DIRECTIONS: Copy exactly the stretch of data below from the line with "Quadro para decoração" through the line with "WARNINGS This appliance", including both of those lines.

Dataset entries
▼
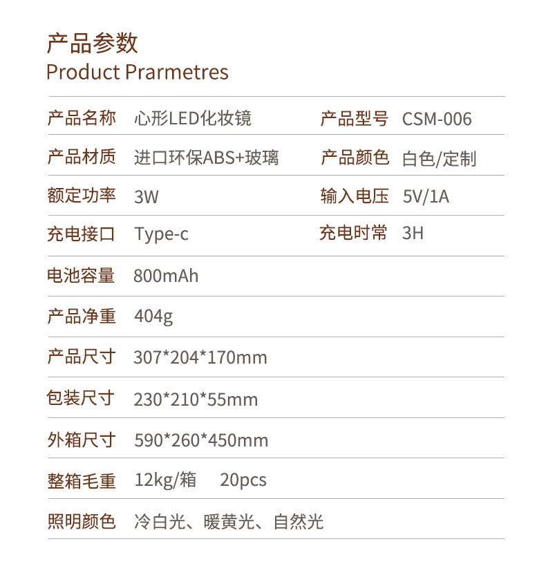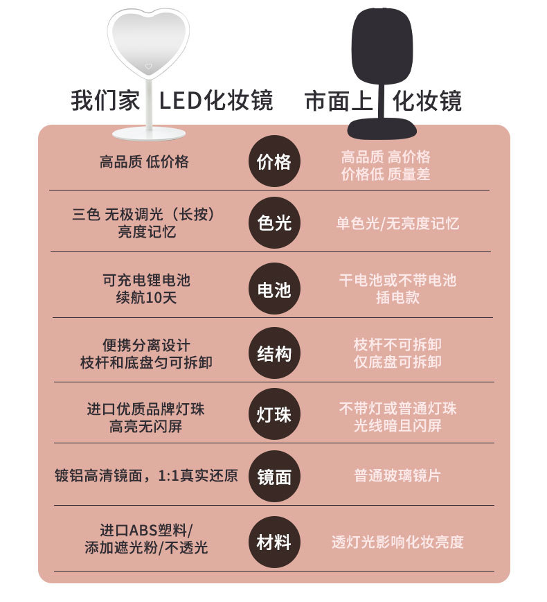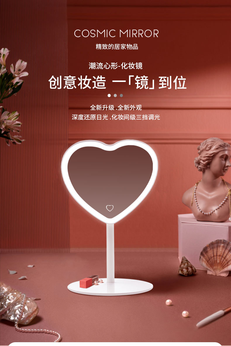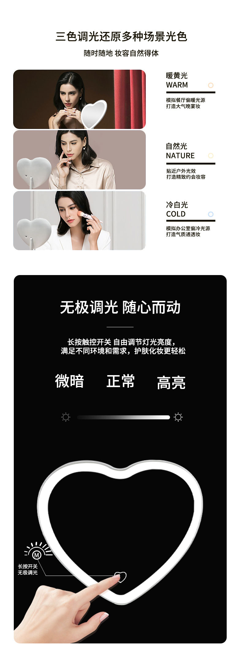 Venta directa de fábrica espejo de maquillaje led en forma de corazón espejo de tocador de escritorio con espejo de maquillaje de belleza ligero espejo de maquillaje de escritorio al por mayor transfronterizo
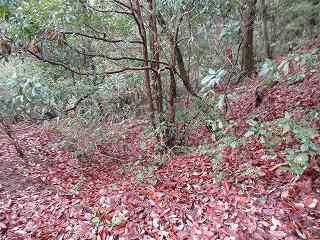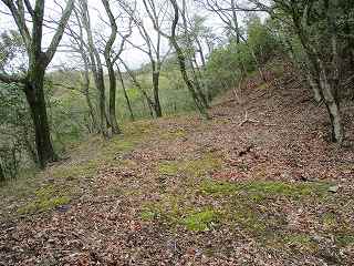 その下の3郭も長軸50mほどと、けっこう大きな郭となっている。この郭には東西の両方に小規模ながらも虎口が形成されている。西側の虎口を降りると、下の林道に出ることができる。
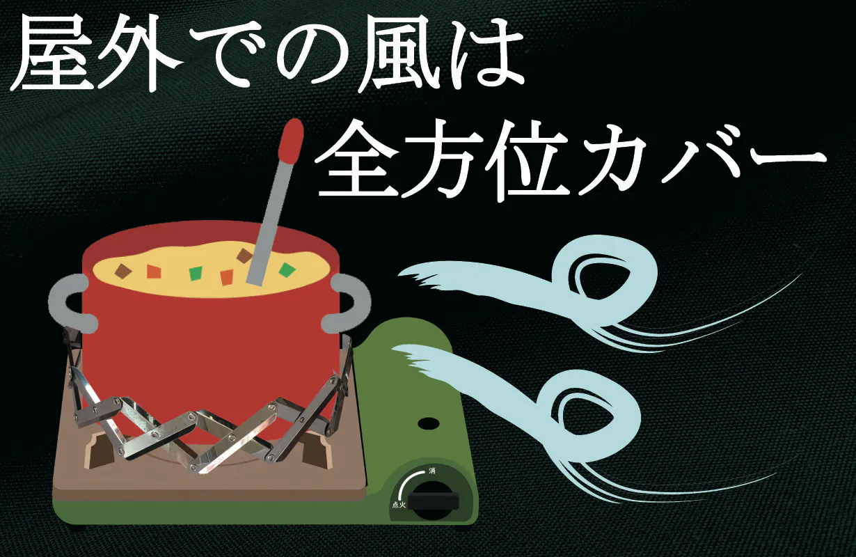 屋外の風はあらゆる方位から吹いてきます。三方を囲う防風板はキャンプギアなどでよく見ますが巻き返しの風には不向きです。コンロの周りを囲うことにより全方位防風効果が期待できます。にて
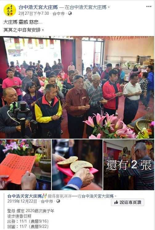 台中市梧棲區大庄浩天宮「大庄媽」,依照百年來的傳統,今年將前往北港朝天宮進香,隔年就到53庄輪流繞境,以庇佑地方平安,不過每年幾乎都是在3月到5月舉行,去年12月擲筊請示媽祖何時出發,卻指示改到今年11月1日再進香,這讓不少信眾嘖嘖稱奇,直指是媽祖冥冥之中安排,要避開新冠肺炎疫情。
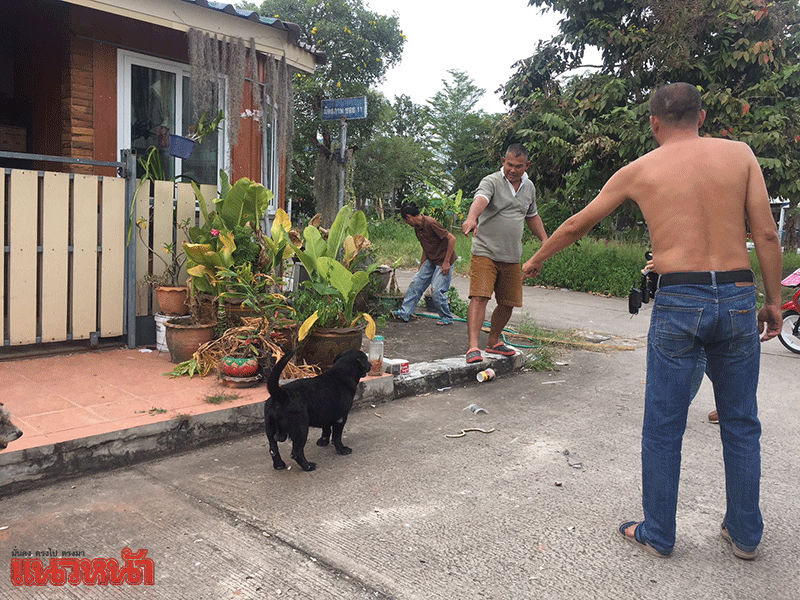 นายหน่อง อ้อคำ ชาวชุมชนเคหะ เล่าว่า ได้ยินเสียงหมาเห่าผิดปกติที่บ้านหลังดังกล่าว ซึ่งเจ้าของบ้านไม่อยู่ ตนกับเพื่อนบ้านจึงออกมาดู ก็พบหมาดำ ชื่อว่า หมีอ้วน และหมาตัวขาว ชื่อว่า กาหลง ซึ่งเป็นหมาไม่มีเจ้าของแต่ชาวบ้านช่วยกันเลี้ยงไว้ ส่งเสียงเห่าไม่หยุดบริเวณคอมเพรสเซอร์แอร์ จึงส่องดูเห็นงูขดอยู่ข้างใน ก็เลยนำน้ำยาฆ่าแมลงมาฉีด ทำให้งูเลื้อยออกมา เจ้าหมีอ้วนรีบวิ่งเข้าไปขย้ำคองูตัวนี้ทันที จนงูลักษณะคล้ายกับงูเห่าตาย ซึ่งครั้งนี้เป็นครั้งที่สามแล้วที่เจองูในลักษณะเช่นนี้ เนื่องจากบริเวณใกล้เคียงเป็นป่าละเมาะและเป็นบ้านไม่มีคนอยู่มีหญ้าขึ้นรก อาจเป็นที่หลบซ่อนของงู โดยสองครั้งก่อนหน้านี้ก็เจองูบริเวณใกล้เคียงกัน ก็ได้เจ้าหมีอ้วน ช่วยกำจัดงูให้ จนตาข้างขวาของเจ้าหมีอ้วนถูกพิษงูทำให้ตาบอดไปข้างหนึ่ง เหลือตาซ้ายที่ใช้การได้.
▲
▼
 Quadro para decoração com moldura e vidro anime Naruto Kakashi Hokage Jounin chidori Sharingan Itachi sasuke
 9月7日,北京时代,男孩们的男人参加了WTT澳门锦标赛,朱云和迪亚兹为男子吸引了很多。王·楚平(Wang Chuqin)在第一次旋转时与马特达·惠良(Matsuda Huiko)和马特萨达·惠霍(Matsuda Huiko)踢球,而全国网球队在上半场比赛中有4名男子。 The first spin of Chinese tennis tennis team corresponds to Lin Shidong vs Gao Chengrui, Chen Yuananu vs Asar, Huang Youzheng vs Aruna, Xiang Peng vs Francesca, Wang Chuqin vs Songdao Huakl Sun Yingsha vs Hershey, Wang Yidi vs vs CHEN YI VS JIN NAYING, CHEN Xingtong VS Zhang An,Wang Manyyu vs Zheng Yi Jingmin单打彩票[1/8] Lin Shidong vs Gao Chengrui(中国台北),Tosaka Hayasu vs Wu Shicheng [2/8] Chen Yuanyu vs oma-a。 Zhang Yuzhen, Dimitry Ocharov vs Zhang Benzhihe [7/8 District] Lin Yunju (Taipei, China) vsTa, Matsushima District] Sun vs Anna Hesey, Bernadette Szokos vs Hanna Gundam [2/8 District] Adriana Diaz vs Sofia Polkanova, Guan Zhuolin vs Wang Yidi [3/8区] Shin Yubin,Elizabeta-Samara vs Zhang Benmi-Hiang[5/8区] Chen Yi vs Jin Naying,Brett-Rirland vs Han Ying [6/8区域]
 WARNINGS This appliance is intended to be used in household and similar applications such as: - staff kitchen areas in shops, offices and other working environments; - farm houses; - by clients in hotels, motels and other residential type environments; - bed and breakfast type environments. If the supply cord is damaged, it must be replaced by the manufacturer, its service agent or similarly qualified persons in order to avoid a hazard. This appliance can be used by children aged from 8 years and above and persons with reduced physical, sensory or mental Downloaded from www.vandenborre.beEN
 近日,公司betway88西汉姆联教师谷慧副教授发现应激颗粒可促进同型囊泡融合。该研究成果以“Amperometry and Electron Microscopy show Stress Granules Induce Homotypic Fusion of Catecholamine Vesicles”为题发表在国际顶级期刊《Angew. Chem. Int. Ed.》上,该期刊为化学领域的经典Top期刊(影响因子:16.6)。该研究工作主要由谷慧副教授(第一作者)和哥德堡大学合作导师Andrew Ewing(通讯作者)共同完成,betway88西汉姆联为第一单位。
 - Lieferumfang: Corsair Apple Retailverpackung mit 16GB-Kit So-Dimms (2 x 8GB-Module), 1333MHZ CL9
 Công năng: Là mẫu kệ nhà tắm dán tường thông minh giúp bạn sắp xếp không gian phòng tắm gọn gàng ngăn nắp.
▲
RESPONSE BELOW:
 Quadro para decoração com moldura e vidro anime Naruto Kakashi Hokage Jounin chidori Sharingan Itachi sasuke
 9月7日,北京时代,男孩们的男人参加了WTT澳门锦标赛,朱云和迪亚兹为男子吸引了很多。王·楚平(Wang Chuqin)在第一次旋转时与马特达·惠良(Matsuda Huiko)和马特萨达·惠霍(Matsuda Huiko)踢球,而全国网球队在上半场比赛中有4名男子。 The first spin of Chinese tennis tennis team corresponds to Lin Shidong vs Gao Chengrui, Chen Yuananu vs Asar, Huang Youzheng vs Aruna, Xiang Peng vs Francesca, Wang Chuqin vs Songdao Huakl Sun Yingsha vs Hershey, Wang Yidi vs vs CHEN YI VS JIN NAYING, CHEN Xingtong VS Zhang An,Wang Manyyu vs Zheng Yi Jingmin单打彩票[1/8] Lin Shidong vs Gao Chengrui(中国台北),Tosaka Hayasu vs Wu Shicheng [2/8] Chen Yuanyu vs oma-a。 Zhang Yuzhen, Dimitry Ocharov vs Zhang Benzhihe [7/8 District] Lin Yunju (Taipei, China) vsTa, Matsushima District] Sun vs Anna Hesey, Bernadette Szokos vs Hanna Gundam [2/8 District] Adriana Diaz vs Sofia Polkanova, Guan Zhuolin vs Wang Yidi [3/8区] Shin Yubin,Elizabeta-Samara vs Zhang Benmi-Hiang[5/8区] Chen Yi vs Jin Naying,Brett-Rirland vs Han Ying [6/8区域]
 WARNINGS This appliance is intended to be used in household and similar applications such as: - staff kitchen areas in shops, offices and other working environments; - farm houses; - by clients in hotels, motels and other residential type environments; - bed and breakfast type environments. If the supply cord is damaged, it must be replaced by the manufacturer, its service agent or similarly qualified persons in order to avoid a hazard. This appliance can be used by children aged from 8 years and above and persons with reduced physical, sensory or mental Downloaded from www.vandenborre.beEN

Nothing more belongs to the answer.